Objects in orbit around the earth. Photo: NASA

It all started in 2006, when astronaut Piers Sellers dropped his spatula. For months the spatula orbited earth, eventually disintegrating into dust. Its story is the inspiration for Adrift, a new project from artists Cath Le Couteur and Nick Ryan. The pair have produced a film, an installation, and a website all based on the notion of trash accumulating where we might least expect it—in outer space.

Speaking to Vice, Le Couteur said: “An American astronaut lost his glove. The image of the solitary glove spinning around in orbit above us, I found that haunting and kind of melancholic, but also kind of beautiful. The [project] aims to tell the story about space debris in a way that provokes the audience to connect with it emotionally.”
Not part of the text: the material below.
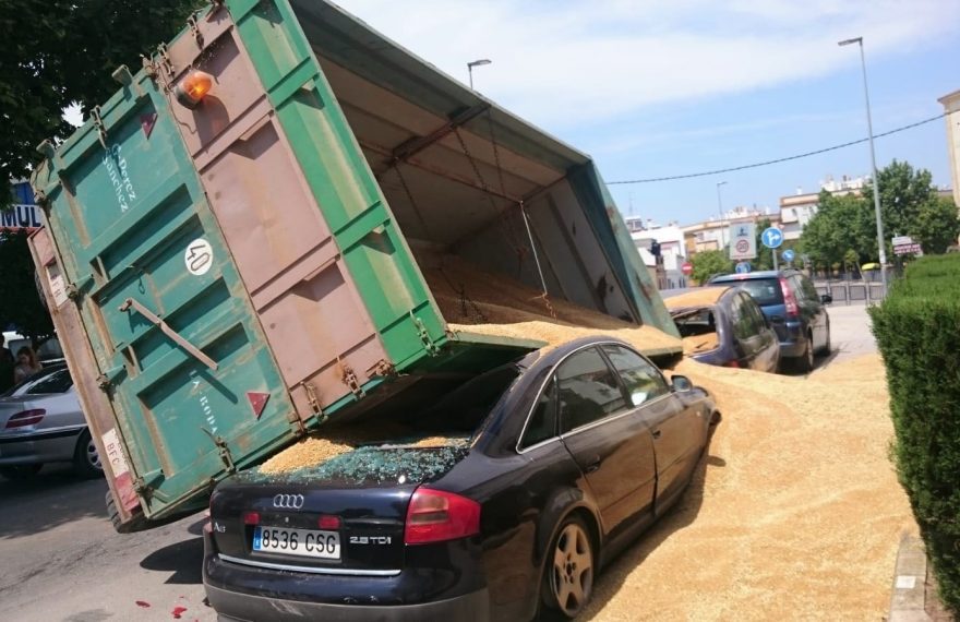 Un remolque cargado de trigo que circulaba por la Avenida del Ferrocarril ha volcado cayendo sobre al menos tres turismos aparcados en la vía pública y dejando su carga esparcida por la calle.

The artist describes space debris as a “21st-century crisis,” claiming there are more than 300 million pieces of garbage currently threatening to wipe out the International Space Station. How best to address this crisis? Through art, of course.

“I intend to build an instrument. . . . This instrument will take the live data stream from actual space debris. It will actually cause the mechanics of the instrument to change over time as they [the debris] float overhead—like a music box. The instrument will also score the film. The website will bring the film and sound installation together. If you see the film online, the music will match what’s going on in space while you’re watching the film. It’s like a live soundtrack to the film. There will also be a live feed, so you can see what’s drifting around above you in real time,” described Ryan.